Segment Start: RECORDS FOR THE EXERCISE

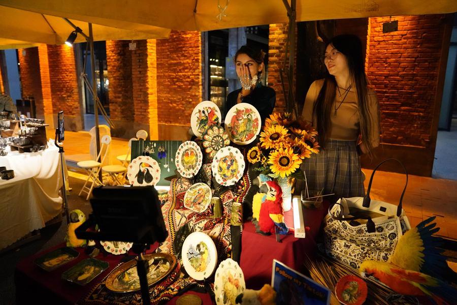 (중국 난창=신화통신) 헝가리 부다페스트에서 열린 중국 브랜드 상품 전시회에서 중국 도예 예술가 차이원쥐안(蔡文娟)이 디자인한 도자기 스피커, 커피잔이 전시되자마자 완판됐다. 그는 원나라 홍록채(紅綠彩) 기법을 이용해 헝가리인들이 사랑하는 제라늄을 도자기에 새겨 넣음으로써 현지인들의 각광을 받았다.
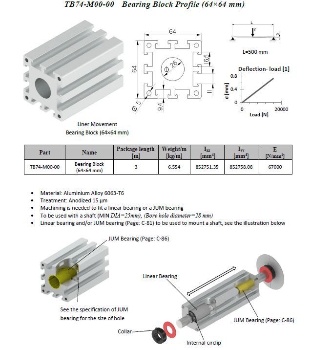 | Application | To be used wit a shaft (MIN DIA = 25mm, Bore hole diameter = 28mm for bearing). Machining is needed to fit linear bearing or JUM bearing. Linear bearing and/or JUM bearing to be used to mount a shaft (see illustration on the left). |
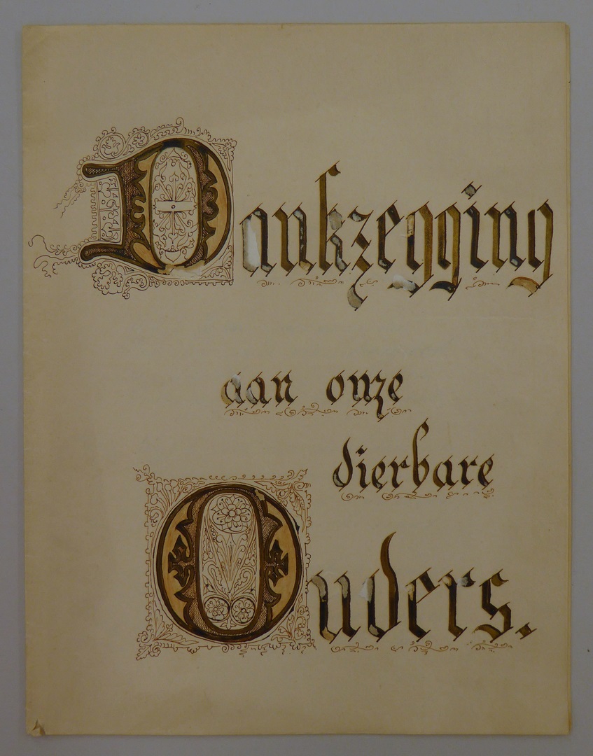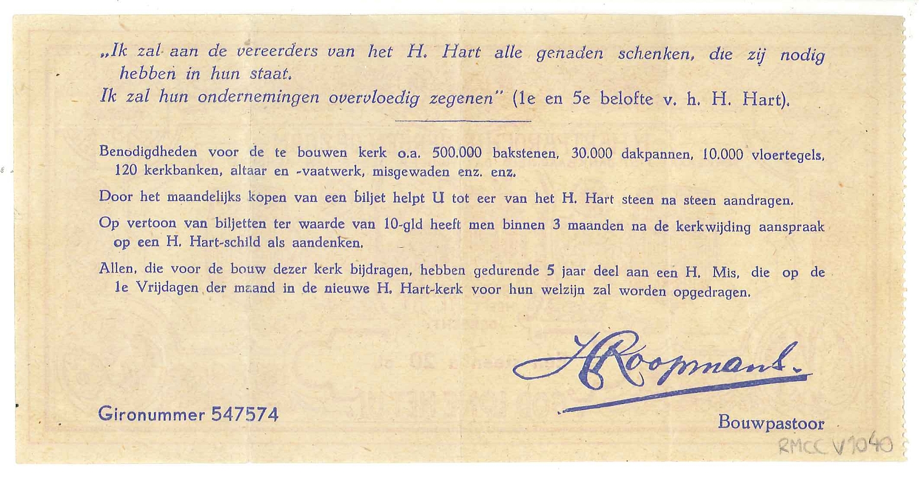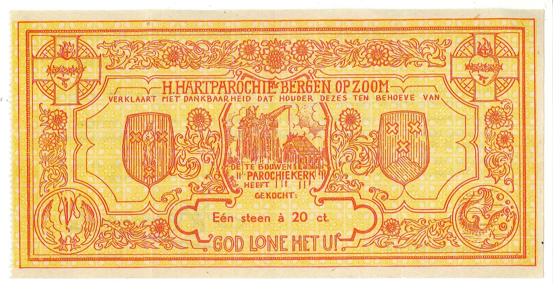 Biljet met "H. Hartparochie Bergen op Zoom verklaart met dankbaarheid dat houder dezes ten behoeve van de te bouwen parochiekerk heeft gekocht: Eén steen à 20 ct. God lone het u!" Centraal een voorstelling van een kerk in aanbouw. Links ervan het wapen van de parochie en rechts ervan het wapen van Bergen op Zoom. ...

Segment End: RECORDS FOR THE EXERCISE
Segment Start: RECORDS FOR THE EXERCISE

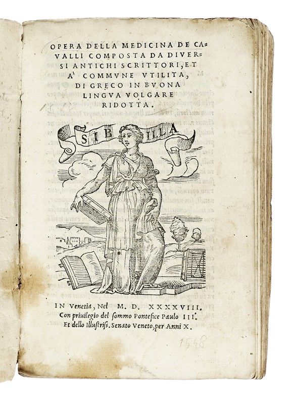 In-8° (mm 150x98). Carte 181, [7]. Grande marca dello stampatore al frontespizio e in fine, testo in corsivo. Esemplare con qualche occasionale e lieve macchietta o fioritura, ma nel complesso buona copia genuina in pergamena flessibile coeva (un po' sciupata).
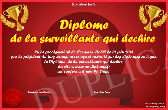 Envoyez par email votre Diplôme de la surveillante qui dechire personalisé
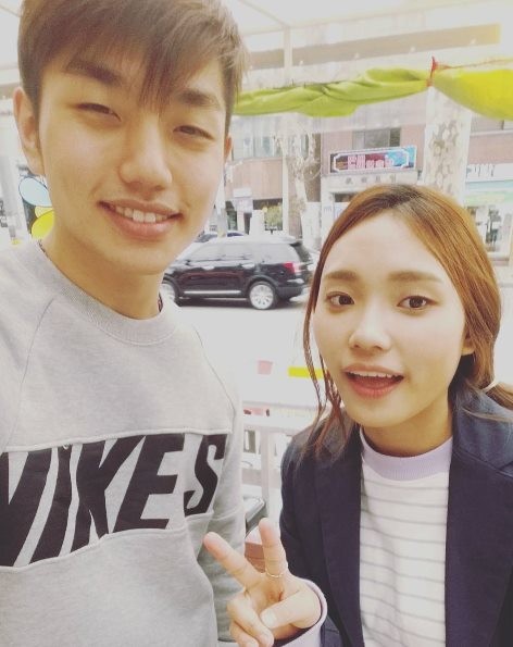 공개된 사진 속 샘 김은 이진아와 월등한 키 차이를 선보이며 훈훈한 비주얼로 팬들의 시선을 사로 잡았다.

Segment End: RECORDS FOR THE EXERCISE

To complete this exercise, transcribe exactly the lines above from the one that holds "(중국 난창=신화통신) 헝가리" through the one that holds "the left). |". Pictures stay out.

 (중국 난창=신화통신) 헝가리 부다페스트에서 열린 중국 브랜드 상품 전시회에서 중국 도예 예술가 차이원쥐안(蔡文娟)이 디자인한 도자기 스피커, 커피잔이 전시되자마자 완판됐다. 그는 원나라 홍록채(紅綠彩) 기법을 이용해 헝가리인들이 사랑하는 제라늄을 도자기에 새겨 넣음으로써 현지인들의 각광을 받았다.
 | Application | To be used wit a shaft (MIN DIA = 25mm, Bore hole diameter = 28mm for bearing). Machining is needed to fit linear bearing or JUM bearing. Linear bearing and/or JUM bearing to be used to mount a shaft (see illustration on the left). |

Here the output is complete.